| Task prompt |
All of the data below is to be repeated exactly, except for the pictures.

| Stored data |
○ ○ ○

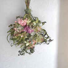 大きさは、程よいボリュームで飾りやすい30cmサイズです。10-15cmほどの深さのあるフラワーベースに収まる大きさです。そのまま立てかけても飾っていただけますし、吊り紐付きなので、スワッグとして、壁や扉に吊り下げてもお楽しみいただけます。
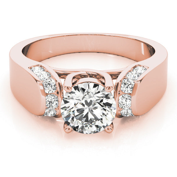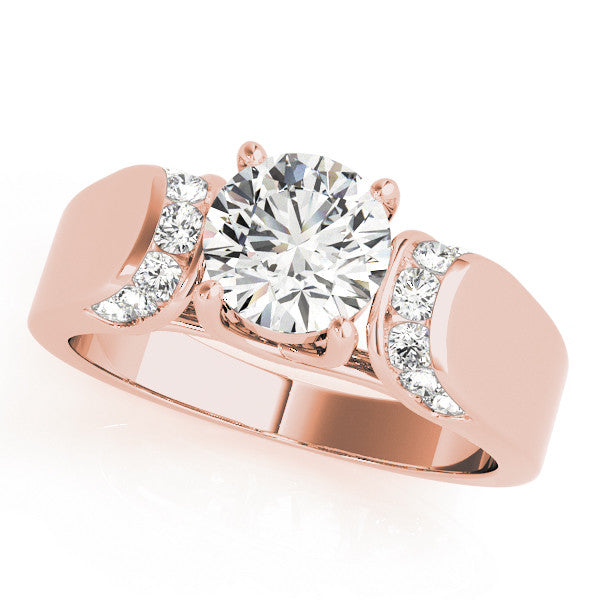 Rose gold Round Cut Diamond Channel Set Solitaire Ring with Four-Prong Setting
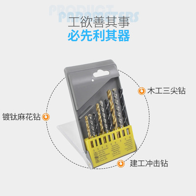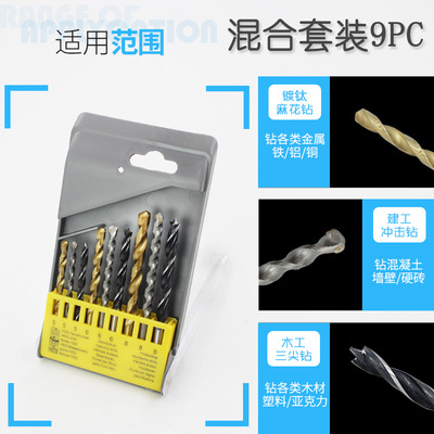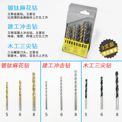 Electric drill accessories drill set titanium-plated twist drills construction engineering impact drills woodworking three-point drills mixed suit 9PC
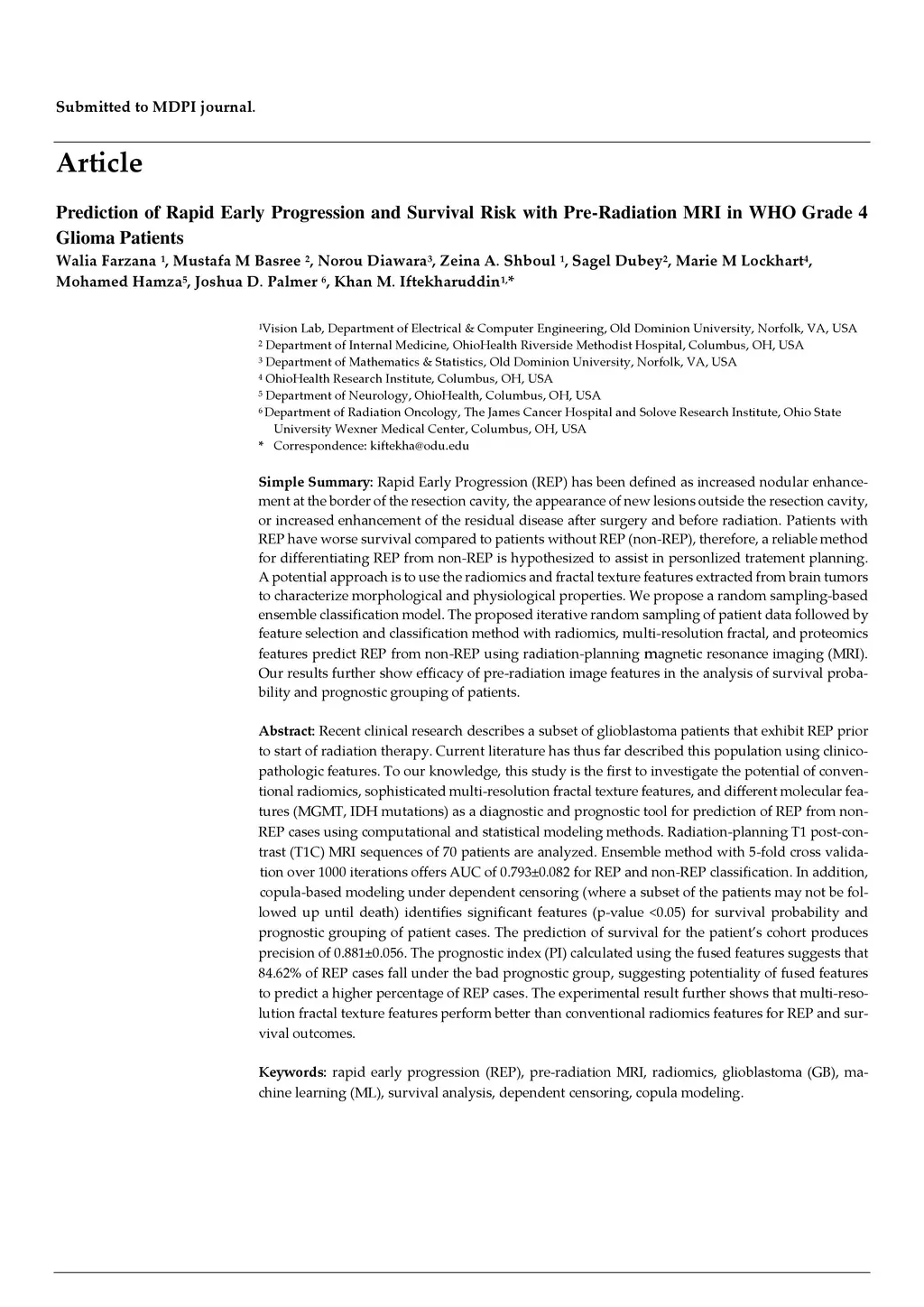 Recent clinical research describes a subset of glioblastoma patients that exhibit REP prior to start of radiation therapy. Current literature has thus far described this population using clinicopathologic features. To our knowledge, this study is the first to investigate the potential of conventional ra-diomics, sophisticated multi-resolution fractal texture features, and different molecular features (MGMT, IDH mutations) as a diagnostic and prognostic tool for prediction of REP from non-REP cases using computational and statistical modeling methods. Radiation-planning T1 post-contrast (T1C) MRI sequences of 70 patients are analyzed. Ensemble method with 5-fold cross validation over 1000 iterations offers AUC of 0.793 with standard deviation of 0.082 for REP and non-REP classification. In addition, copula-based modeling under dependent censoring (where a subset of the patients may not be followed up until death) identifies significant features (p-value <0.05) for survival probability and prognostic grouping of patient cases. The prediction of survival for the patients cohort produces precision of 0.881 with standard deviation of 0.056. The prognostic index (PI) calculated using the fused features suggests that 84.62% of REP cases fall under the bad prognostic group, suggesting potentiality of fused features to predict a higher percentage of REP cases. The experimental result further shows that mul-ti-resolution fractal texture features perform better than conventional radiomics features for REP and survival outcomes.

○ ○ ○

| Answer box |
 大きさは、程よいボリュームで飾りやすい30cmサイズです。10-15cmほどの深さのあるフラワーベースに収まる大きさです。そのまま立てかけても飾っていただけますし、吊り紐付きなので、スワッグとして、壁や扉に吊り下げてもお楽しみいただけます。
 Rose gold Round Cut Diamond Channel Set Solitaire Ring with Four-Prong Setting
 Electric drill accessories drill set titanium-plated twist drills construction engineering impact drills woodworking three-point drills mixed suit 9PC
 Recent clinical research describes a subset of glioblastoma patients that exhibit REP prior to start of radiation therapy. Current literature has thus far described this population using clinicopathologic features. To our knowledge, this study is the first to investigate the potential of conventional ra-diomics, sophisticated multi-resolution fractal texture features, and different molecular features (MGMT, IDH mutations) as a diagnostic and prognostic tool for prediction of REP from non-REP cases using computational and statistical modeling methods. Radiation-planning T1 post-contrast (T1C) MRI sequences of 70 patients are analyzed. Ensemble method with 5-fold cross validation over 1000 iterations offers AUC of 0.793 with standard deviation of 0.082 for REP and non-REP classification. In addition, copula-based modeling under dependent censoring (where a subset of the patients may not be followed up until death) identifies significant features (p-value <0.05) for survival probability and prognostic grouping of patient cases. The prediction of survival for the patients cohort produces precision of 0.881 with standard deviation of 0.056. The prognostic index (PI) calculated using the fused features suggests that 84.62% of REP cases fall under the bad prognostic group, suggesting potentiality of fused features to predict a higher percentage of REP cases. The experimental result further shows that mul-ti-resolution fractal texture features perform better than conventional radiomics features for REP and survival outcomes.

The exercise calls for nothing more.